Я ненавидел актерскую работу и, как влюбленный, мечтал о литературе, а она все поворачивалась ко мне враждебным, незнакомым лицом. «Стойло Пегаса» мало чем отличалось от ростовского «Подвала поэтов». То же эпатирование буржуа, в высшей степени для них утешительное. Та же безграничная свобода, при которой все можно и ничем не удивишь, но еще более обескураживающая. За несколько дней до нашего приезда в «Стойле Пегаса» состоялся вечер[19], посвященный памяти Блока, с кощунственным, и лихим, и наглым, и ничего не стоящим названием. Кафе в тот день было переполнено. Имажинисты позволяли себе все, но никто не удивлялся. Тем не менее ощущение скандала, и скандала невеселого, возле могилы, нарастало. И вдруг Тоня поднялся и прочел стихотворение «Рожденные в года глухие». Когда закончил, полная тишина воцарилась в «Стойле», и председатель, не то Кусиков, не то Мариенгоф, только и нашелся сказать что «Ца-а!». В тот вечер, что были мы, выступал с речью об имажинистах Брюсов.
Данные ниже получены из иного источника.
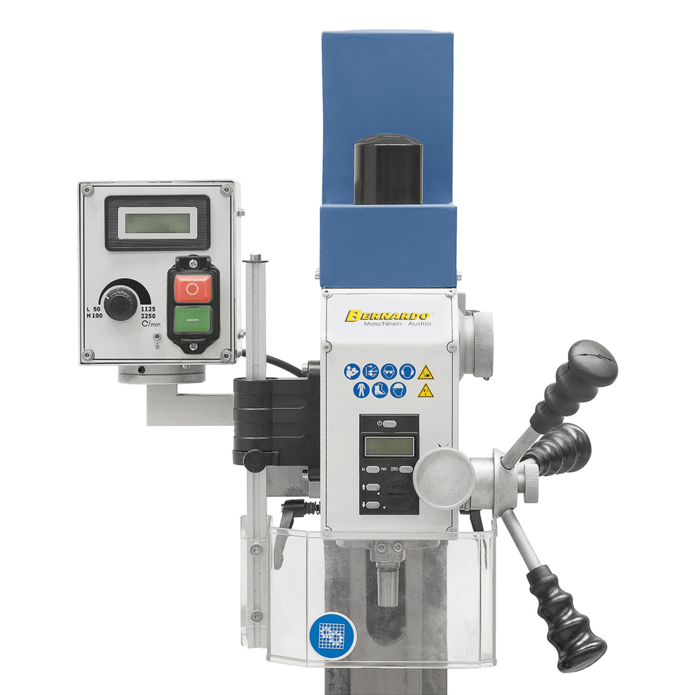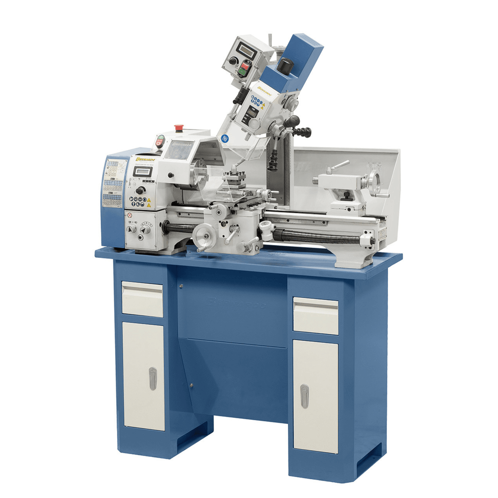 The Proficenter 550 WQV machining center leaves nothing to be desired when it comes to precision mechanics, apprentice workshops, training institutes, etc. For drilling, milling and turning in confined spaces, it comes standard with a digital display showing drilling depth and speed for convenient working, as well as a large spindle bore – all combined in a single machine.
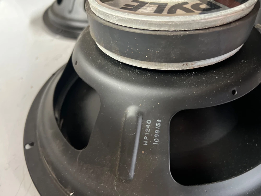 Two Oldschool PYLE Polly cone WP1240 woofers. Both work but need foam !

Я увидел его в первый и последний раз в жизни. Высокий, узкоплечий, он походил на свои портреты и зловеще вместе с тем отошел от них. Как он стар! Взгляд особенно тусклый, даже оловянный. Вся значительность, словно штукатурка, обвалилась со всего его существа. Говорил он убедительно, холодновато и безразлично. Он доказывал, что новая поэтическая школа прежде всего определяется языком. Маяковский создал новую форму, а вместе с тем и школу. А имажинисты — эпигоны. Попадаются у них красивые строчки — например, у Кусикова: «Радуга — дуга тугая» — и только. Слушали Брюсова терпеливо и вяло. Оживились, когда на кафедре появился сутулый, черный, бледный, неряшливо одетый москвич и стал возражать.